None of this is true of Fives, and the two types are opposites in many ways. Nines are gentle, easygoing, patient, receptive, and accommodating, whereas Fives are intense, strong-minded, argumentative, contentious, and highly resistant to the influence of others. Nines like people and trust them; perhaps at times they are too trusting. By contrast, average Fives are suspicious of people and are anything but trusting, perhaps at times too cynical and resistant. Both types are among the three withdrawn types of the Enneagram, and (as we have seen with Fours and Nines), there are genuine similarities between them, although only superficial ones (PT, 433-36).

Despite their similarities, the main point of confusion for Nines arises around the notion of "thinking." Nines think they are Fives because they think they have profound ideas: therefore, they must be Fives.

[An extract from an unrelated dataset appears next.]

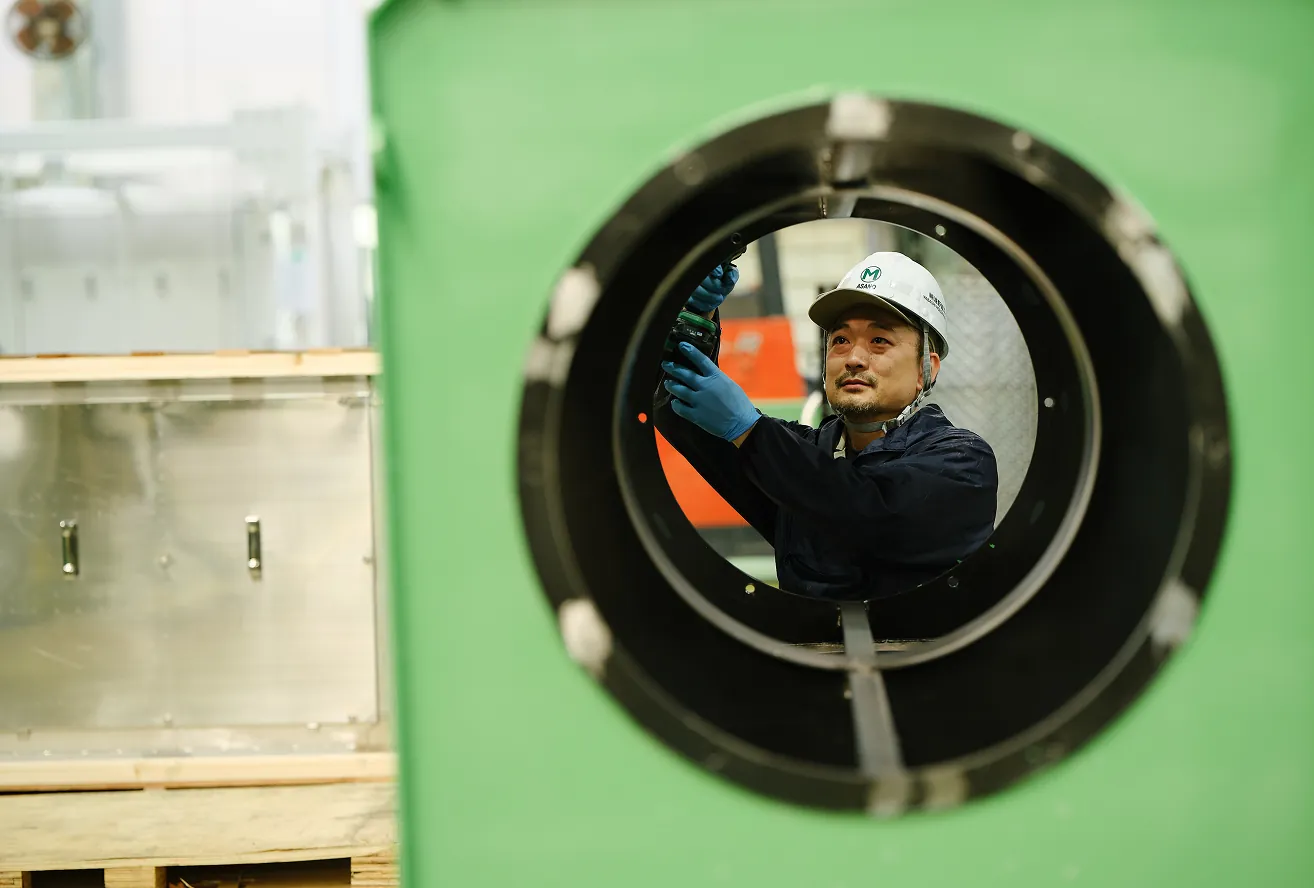 私は現在、鉄板などから部品を製作するための溶接、出来上がった部品の塗装、さらにそれらを使った組立て作業を担当しています。

Part of the problem stems from the fact that individuals of both types can be highly intelligent, although as a group Fives are probably the most intelligent of the nine personality types. (When Nines are highly intelligent, they can be as brilliant as Fives, although their intellectual prowess is compartmentalized. They are brilliant at work but unfocused and inattentive everywhere else, whereas Fives are focused and attentive everywhere all the time.) Although intelligence can be manifested in different ways, being intelligent does not make Nines intellectuals, just as thinking does not make them thinkers. As we have seen, the pattern as a whole (and the motivations) must be taken into consideration, not one or two traits in isolation. Since all the types think in one way or another, thinking alone, with no further distinction, is not a sufficient basis for a personality diagnosis.

The fundamental difference between the thinking of Nines and that of Fives is that Nines are impressionistic, involved with generalities, imaginative ruminations, and fanciful situations. Nines typically do not concern themselves with details, nor are they usually good at following up once they have acted. By contrast, the thinking of Fives is highly focused, penetrating, and almost microscopic in the narrowness of its frame of reference. Fives love details, losing themselves in research, scholarship, and complex intellectual pursuits. They think in depth, concentrating so much that they block out other perceptions (eventually to their detriment). By contrast, even brilliant Nines tend to have problems concentrating; they also tend to lose interest quickly and to allow their attention to drift off when they become bored or anxious.

Nines tend to spin grand, sweeping, idealistic solutions to problems, while Fives tend to speculate on problems, then on the problems that their problems have raised, then on those problems, ad infinitum. Nines may be gifted storytellers, able to communicate simply and effectively to others, even to children. Fives usually communicate to only a few or keep their ideas entirely to themselves. (Moreover, their ideas may be so complicated that they are difficult to communicate to all but other specialists.) Nines usually do not consider the consequences of their actions; Fives are extremely interested in predicting the consequences of every action. Nines idealize the world and create imaginary worlds in which good always triumphs over evil; Fives analyze the real world and create horrifying scenarios in which evil usually triumphs over good or exists in tension with it. Nines simplify; Fives complexify. Nines look to the past; Fives to the future. Nines are fantasists; Fives are theorists. Nines are disengaged; Fives are detached. Nines are utopians; Fives are nihilists. Nines are optimists; Fives are pessimists. Nines are open; Fives are resistant. Nines are non-threatening and nonjudgmental; Fives are defensive and contentious. Nines are at peace; Fives are in tension. Nines end in dissociation; Fives in paranoia.

Comparisons and contrasts such as these could be multiplied almost indefinitely because, while these two types are such opposites, they are also paradoxically similar. What they have in common is the tendency to ask "What if?" questions. The difference is in their response: Nines tend to ruminate on their fantasies, while Fives attempt to see if their ideas could come true. The Nine's ideas usually involve a single insight that, while true enough, is often impractical and goes nowhere. For instance, a Nine may think that the way to world peace is "for everyone to love one another." While this is doubtlessly true, the problem not addressed is how to get everyone to love one another. A Five wondering about the same problem would write a treatise on world peace after doing exhaustive historical research, eventually erecting a grand theory of peace. (The Five's ideas may also come to nothing, but at least they are pursued, and practical results may eventually come of them.) To give another example, a Nine might wonder what it is like to fly and make up a story about it. A Five might wonder how to fly and invent an airplane or do research on birds or design a rocket.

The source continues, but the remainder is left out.